Hence, 2 sin y - cos y = $\dfrac{2}{5}$.

(ii) In right-angled ∆ABC

sin x = $\dfrac{\text{Perpendicular}}{\text{Hypotenuse}}$

= $\dfrac{BC}{AC} = \dfrac{15}{25} = \dfrac{3}{5}.$

cos x = $\dfrac{\text{Base}}{\text{Hypotenuse}}$

= $\dfrac{AB}{AC} = \dfrac{20}{25} = \dfrac{4}{5}.$

Substituting the values in 2 sin x - cos x we get :

$\Rightarrow \text{2 sin x - cos x} = 2 \times \dfrac{3}{5} - \dfrac{4}{5} \\[1em] = \dfrac{6}{5} - \dfrac{4}{5} \\[1em] = \dfrac{2}{5}.$

Hence, 2 sin x - cos x = $\dfrac{2}{5}$.

(iii) Substituting values we get :

$\Rightarrow \text{1 - sin x + cos y} = 1 - \dfrac{3}{5} + \dfrac{4}{5} \\[1em] = \dfrac{5 - 3 + 4}{5} \\[1em] = \dfrac{6}{5}.$

Hence, 1 - sin x + cos y = $\dfrac{6}{5}$.

(iv) By formula,

tan x = $\dfrac{\text{sin x}}{\text{cos x}} = \dfrac{\dfrac{3}{5}}{\dfrac{4}{5}} = \dfrac{3}{4}$.

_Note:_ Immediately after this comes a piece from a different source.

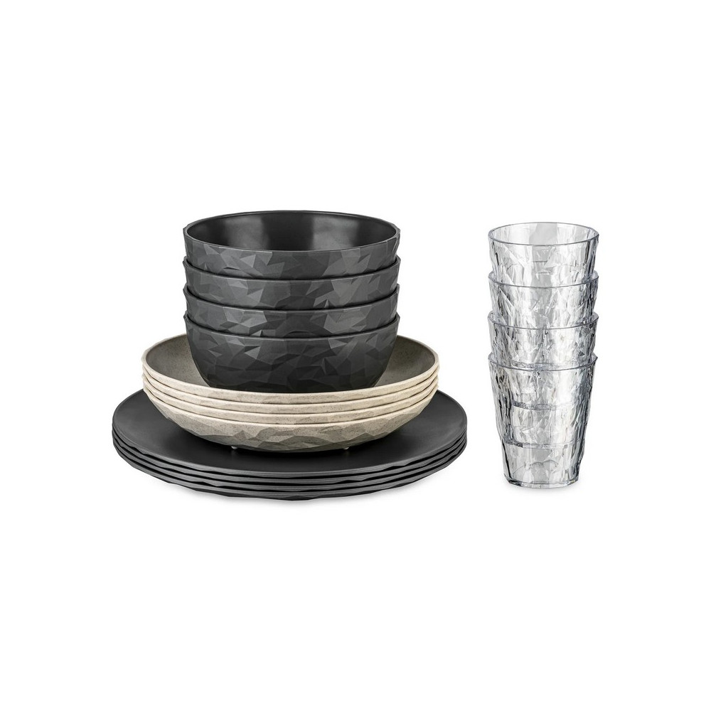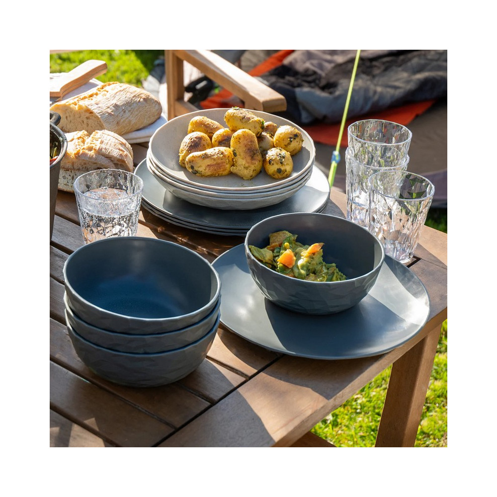 Dokonalá základná sada pre všetkých kemperov a tých, ktorí sa nimi chcú stať. Taniere, misky a hrnčeky s výrazným fazetovým dizajnom sú perfektným základným vybavením pre váš ďalší kempovací výlet. Všetky diely sú odolné voči rozbitiu, stohovateľné, ľahko sa čistia a dokonca vydržia jazdu po štrkových chodníkoch bez poškriabania.
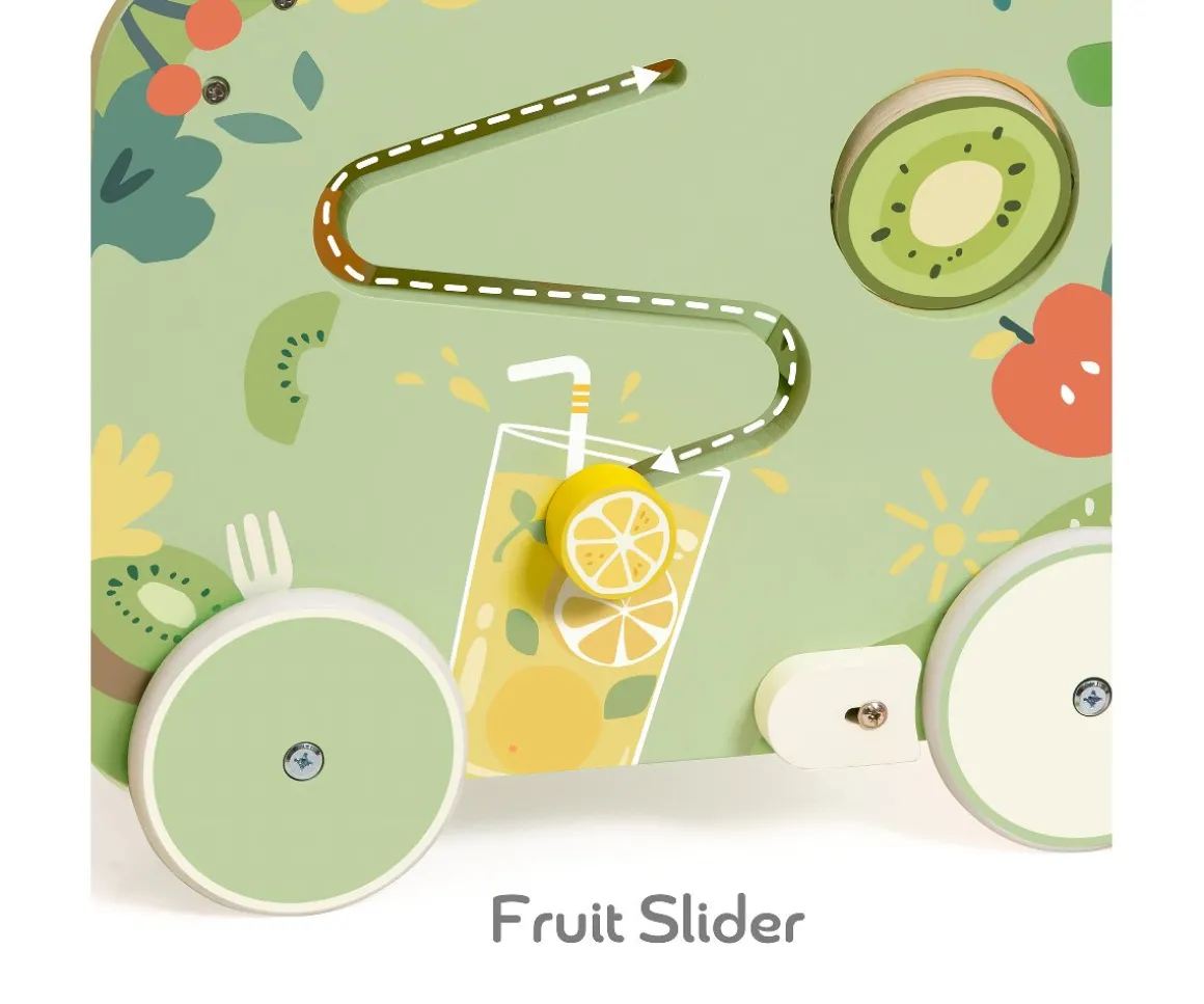 En un lateral cuenta con un clasificador de formas, el peque tendrá que encajar cada verdura en su forma correspondiente. Además podrás encontrar, una barra con anillas y un laberinto en otro de sus lados.

Substituting values we get :

$\Rightarrow \text{2 cos x - 3 sin y + 4 tan x} = 2 \times \dfrac{4}{5} - 3 \times \dfrac{3}{5} + 4 \times \dfrac{3}{4}\\[1em] = \dfrac{8}{5} - \dfrac{9}{5} + 3 \\[1em] = -\dfrac{8 - 9 + 15}{5} \\[1em] = \dfrac{14}{5}.$

Hence, 2 cos x - 3 sin y + 4 tan x = $\dfrac{14}{5}$.